Matteo Renzi è forse il politico che ho conosciuto un po’ più da vicino in questi oltre trent’anni di marciapiede calcistico e mi sembra già oltremodo positivo il fatto che l’approfondimento personale non abbia determinato un ripensamento delle mie idee iniziali.
Sono convinto che ci proverà davvero a cambiare le cose, a rendere il merito il più importante veicolo di ascesa o discesa professionale, ad evitare i vergognosi sprechi e le maleodoranti ruberie di questi decenni.
Che poi ci riesca è un altro discorso e ovviamente non dipenderà solo da lui, ma anche dalle persone che però lui sceglierà e di cui sarà responsabile.
E c’è un’altra cosa che apprezzo moltissimo in Renzi: considera l’avversario politico un interlocutore da battere, non un nemico da abbattere in tutti i modi, leciti e vietati.
Forse lunedì cominceremo a sperare di vedere un’altra Italia.

Le partite in notturna abbassano parecchio le mie difese immunitarie mediatiche e sarà per questo che ad un certo punto ieri sera sono sbottato sentendo l’ennesimo sms che pareva commentare una sconfitta invece che una vittoria.
Neto disastroso (è inferiore al resto della squadra e lo sapevamo, ma perché buttarlo ancora più giù?), squadra destinata a peggiorare, rischi inutili, partita mediocre.
E che cavolo!
Abbiamo vinto, sprecando almeno tre occasioni da gol, siamo quarti a pari punti con l’Inter che non ha le Coppe, Rossi è il capocannoniere del campionato, ci manca Gomez, ieri eravamo senza due tenori su tre: si potrà ballare un po’ o le dobbiamo vincere tutte per diritto divino.
Ribadisco l’esercizio spirituale che dovrebbero dare per punizione agli scontenti di professione: pensare almeno una volta al giorno a dove ci avevano portati dal maggio 2010 al maggio 2012 e poi guardare sospirando verso il cielo ringraziando il ritorno di Andrea Della Valle, la promozione di Macia, l’arrivo di Pradé e Montella.

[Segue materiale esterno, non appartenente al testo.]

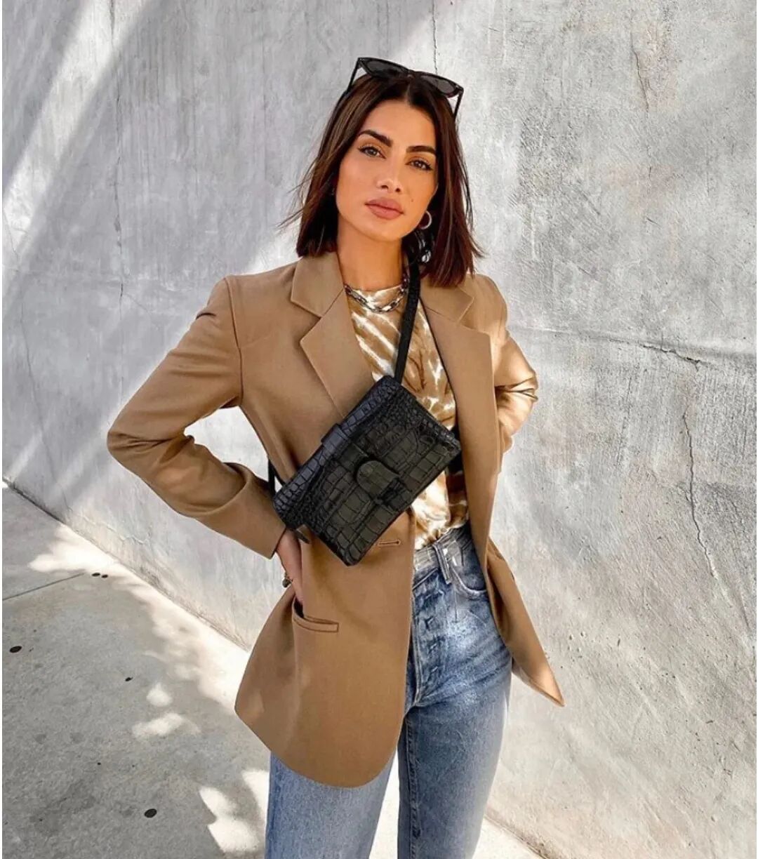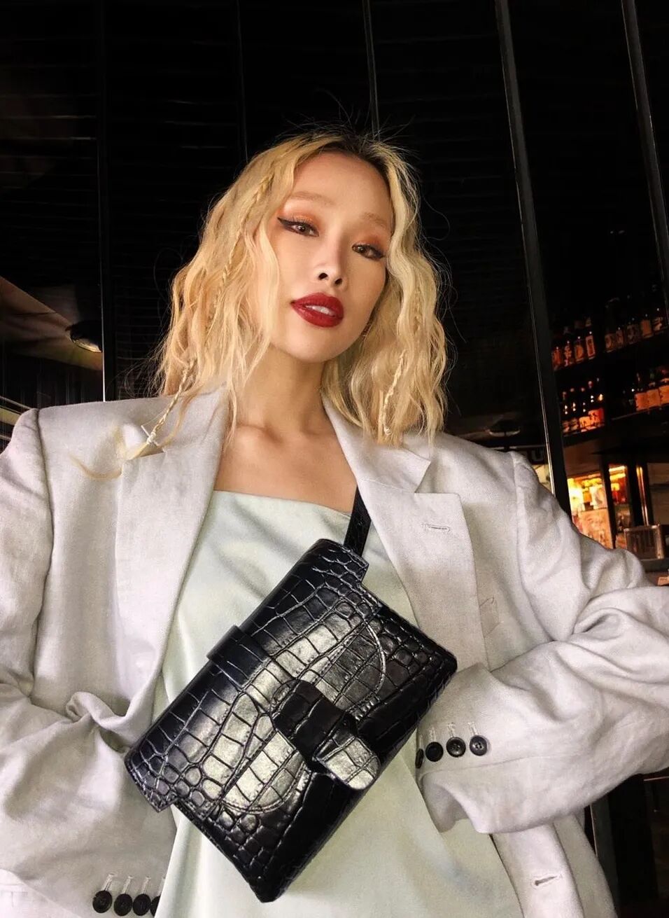 如果你中意干练的西装外套look,不妨选择经典黑色龙纹皮Aria腰包。随性洒脱的腰包能够平衡西装的正式感,而龙纹的华丽也可为简约的西装增添时髦度~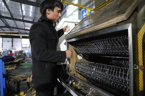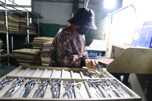 “我也是從小就外出,一直在江蘇蘇州發(fā)展,做刀剪十幾年了?,F(xiàn)在家鄉(xiāng)環(huán)境好,回來(lái)發(fā)展比在南方還有前途?!苯衲?9歲的陳政治老家是虎崗鄉(xiāng)陳莊村。被虎崗鄉(xiāng)黨委政府的誠(chéng)意所感動(dòng),他很樂(lè)意回鄉(xiāng)發(fā)展,因?yàn)榉孔鈨r(jià)格低、務(wù)工人員穩(wěn)定,營(yíng)商環(huán)境又好,所以他帶著自己的外甥楊亞杰和技術(shù)團(tuán)隊(duì)回到老家鄲城,還能助力家鄉(xiāng)經(jīng)濟(jì)發(fā)展。陳政治說(shuō),他的廠子所生產(chǎn)的東升、jack、亞寶等品牌刀剪全部銷(xiāo)往全國(guó)高檔理發(fā)店,產(chǎn)品供不應(yīng)求。像這樣的高檔刀剪生產(chǎn)廠家,在中原地帶極少。剛投產(chǎn)幾個(gè)月,他已經(jīng)接到了來(lái)自韓國(guó)、日本等地的訂單。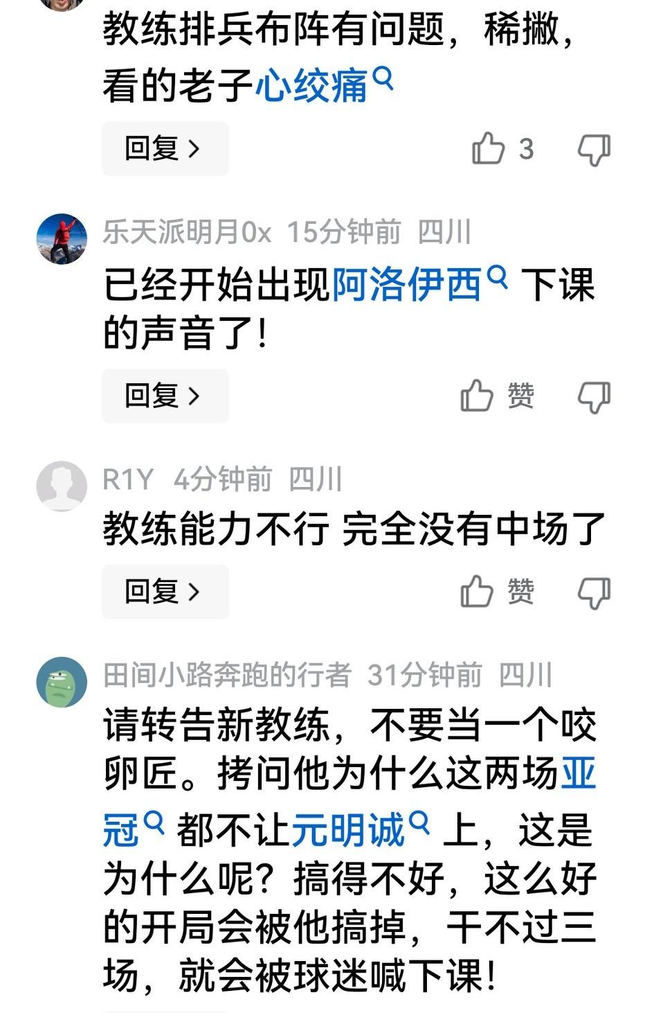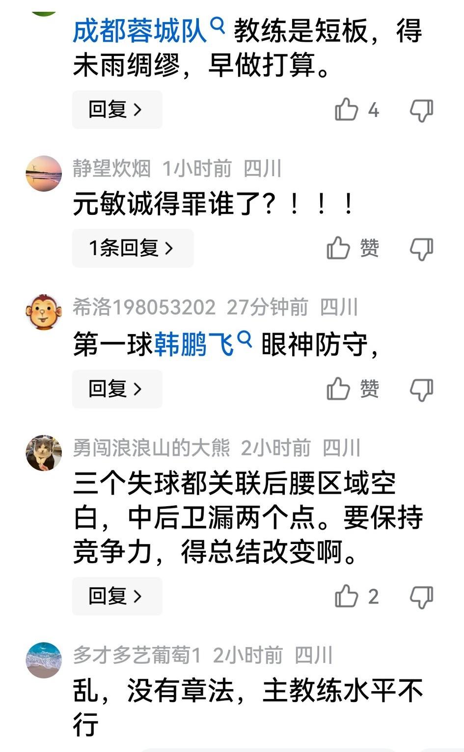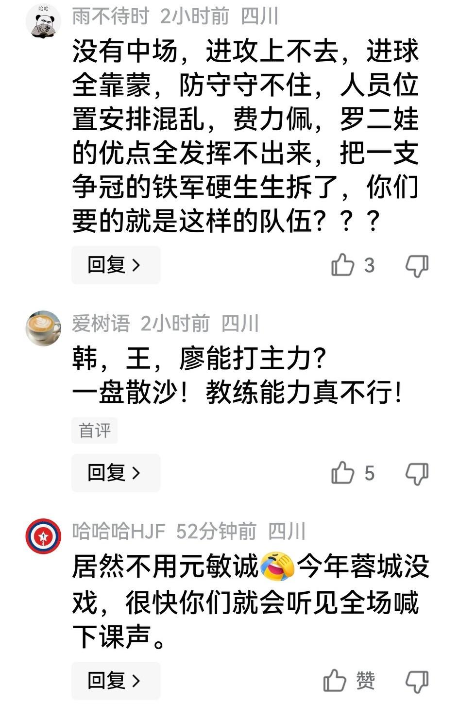 成都蓉城亚冠输球在意料之中,按理说在阵容不整时能在客场与町田打2:3,球迷都能接受,但不少人在俱乐部官微评论区还有话说: 一是对阿洛伊西的执教能力似有不服,期望早备后手;二是质疑韩韩飞廖力生王东升3位废弃老将新瓶装老酒,同情元神(元诚敏)的遭遇;三是刘殿座已7多场没了神扑,“射正亡”的称号该给老刘…… 当然,两场亚冠都阵容不整,小比分输球不算什么,但在降本增效不成立情况下,希望阿洛对球员的能力潜力有深入了解,在联赛中不要乱点鸳鸯谱。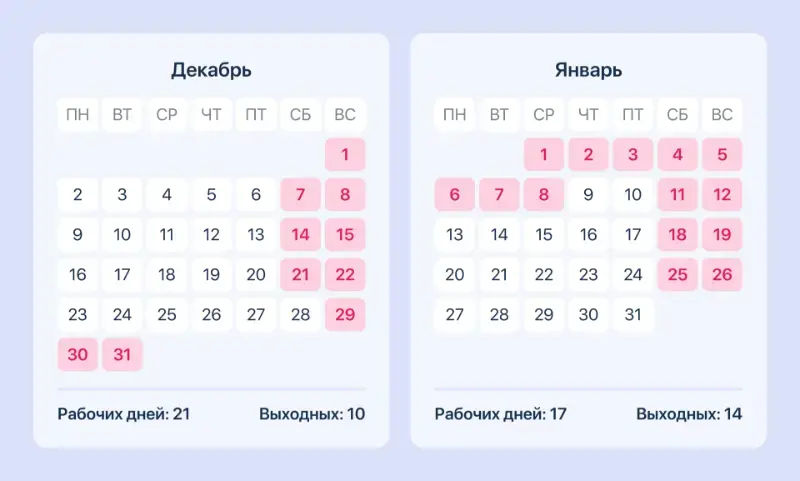 Этот месяц включает 31 день: 21 рабочий и 10 выходных. Выходные дни приходятся на 1, 7-8, 14-15, 21-22, а также 29, 30 и 31 декабря. Новогодние каникулы начнутся 29 декабря и продлятся до 8 января, предоставляя 11 дней для отдыха.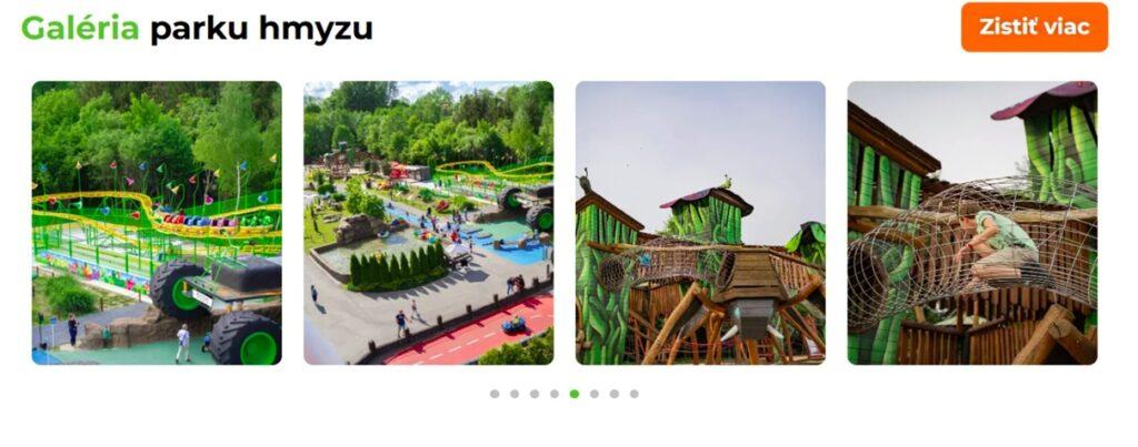 Ďalšou zaujímavou zastávkou je Park hmyzu, kde deti objavia až 28 druhov hmyzu z rôznych kútov sveta. Všetky exponáty sú zväčšené do ľudskej veľkosti, takže každý detail – od krídel modlivky až po telo cikády – je dokonale viditeľný. Aj v tomto prípade sa návštevníci môžu zapojiť do vzdelávacích hodín, ktoré pripravia školskí učitelia alebo samotní pracovníci parku.
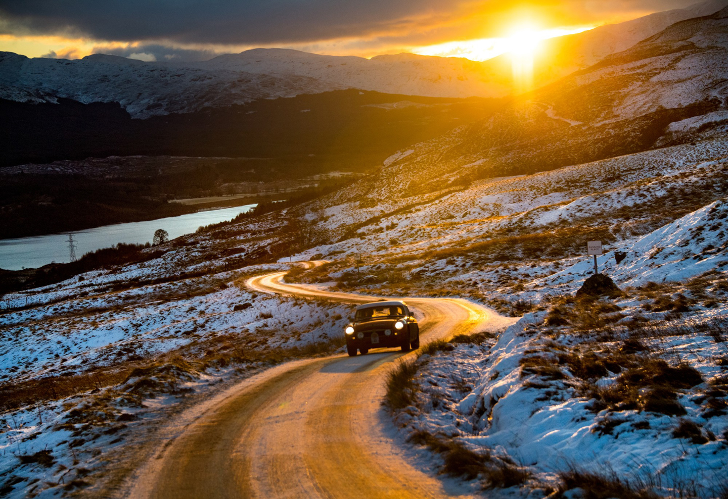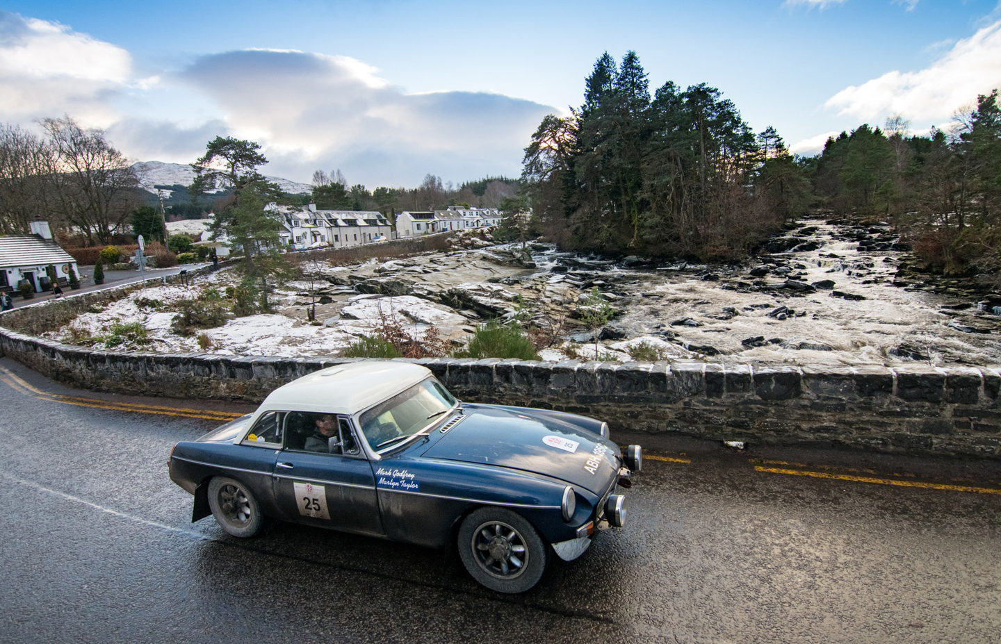 The second regularity of the day was another straightforward offering named Loch Glow, this would use lowland forestry lanes as its backdrop before finishing close to Loch Leven nature reserve. Navigation was by Jogularity with a small square of map presented to aid crews along the route. Heading north and into more interesting territory, the final test of leg four was held at the Edinchip Estate and proved to be very demanding with its loose surfaces providing the drivers with some really demanding conditions to get their teeth into. Lunch was taken at a Le Jog favourite, the Killin Hotel before what would turn out to be one of the sternest challenges of the day, a four timing point 12-mile section over the notorious Bridge of Balgie. The weather was horrible at height which had made the road surfaces incredibly slippery, this wasn’t helped by the recent incoming snow that made the section so difficult to maintain speed. Navigation wasn’t difficult, however the first timing point was there to check accurate navigation and use of the crews’ tripmeters. Situated on an unmarked triangle, the more experienced navigators pre-guessed that this would be a timing point due to the instructions coming so close together. Further along the road crews came across Lawers Dam at Lochan na Lairige which was built in 1956 to serve the crofters of the area with power. How tough an existence it must have been for these hardy folk, their crofts or ‘Shielings’ as they are called can still be seen scattered across the hillside in various locations. Dropping down the valley between Meall nam Maigheach and Creag Dhubh, the second timing point appeared at Milton Eona where the road changes character totally from the previous two timing points. Following the course of the River Lyon, a further three timing points challenged the crews with. Several crews couldn’t complete the section with one of the more notable ones being Kevin Haselden/Bart den Hartog and Richard Harrison/Peter Boyce

Scrivo mentre deve ancora giocare la Juve, che sinceramente mi pare di un’altra categoria.
Intanto Roma e Inter rallentano, anche se gli orfani di Totti immagino siano soddisfatti per come è arrivato il pareggio, peraltro più che meritato.
Dipende più che mai da noi, come prima di Udine e questa è un’occasione che non possiamo fallire in alcun modo.
Contano i tre punti domani sera, solo quelli, non importa in che modo verranno conquistati.
Non parlerei neanche di pressione psicologica, quella la può avere il Napoli, che ha fatto capire di pensare allo scudetto e che ha un centrocampo e una difesa che non cambierei con quelli della Fiorentina.
Spingiamo tutti insieme dalle 19 in poi, staccando per novanta minuti ogni discorso sul gemellaggio.
Chiudo con i doppi auguri: a Radio Sportiva e a questo blog, a cui tengo moltissimo.
Oggi compiono rispettivamente tre e otto anni: sembrano pochi, ma viverli tutti i giorni con l’intensità che provo a metterci sempre non è facile, ve lo assicuro.

Montella nervoso?
Può essere, per via del ritardato ritorno di Gomez, che scombussola non poco i suoi tecnici presenti e strettamente futuri.
Montella permaloso?
A me non pare proprio, e come sapete bene sono un esperto della materia, secondo nella categoria ai soli Corvino (inarrivabile), Giovanni Galli e forse pure Prandelli.
Come ho ricordato oggi in Anteprima Pentasport, non sarebbe male esercitarsi in un lavoro di memoria che faccio spesso quando qualcosa va storto.
In quei casi cerco di ricordarmi da dove sono partito, dalla 850 coupé di mia mamma vecchia di dieci anni, da Radio Sesto International, dal lavoro d’estate (e non solo d’estate) per pagarmi le vacanze al mare: non sempre funziona, ma spesso aiuta a superare momenti difficili.
Ecco, facciamo lo stesso con la Fiorentina.
Ripensiamo a dove eravamo nel maggio 2012, al termine di due tra le più avvilenti stagioni viola, in cui mai era stato così ampio il distacco tra la squadra e il popolo viola che sempre l’aveva amata, anche e soprattutto nei momenti più duri.
Con un minimo di senso storico si può definire la rinascita della passata stagione come un mezzo miracolo, che appunto in quanto tale, non può ripetersi sempre.
Ergo: se in questo campionato avessimo avuto la stessa progressione dell’anno scorso, oggi saremmo in testa al campionato.
Invece siamo “solo” quinti e già ai sedicesimi in Europa League, con 45 minuti sbagliati di brutto a Udine e 70 non giocati in Portogallo: negli anni bui dell’uomo solo al comando, prima che Andrea Della Valle si rendesse conto dei danni fatti presenti e futuri, saremmo stati felici dei 45 minuti buoni di Udine e degli ultimi venti gagliardi di giovedì…
Nel calcio, come nella vita, è tutta una questione di aspettative…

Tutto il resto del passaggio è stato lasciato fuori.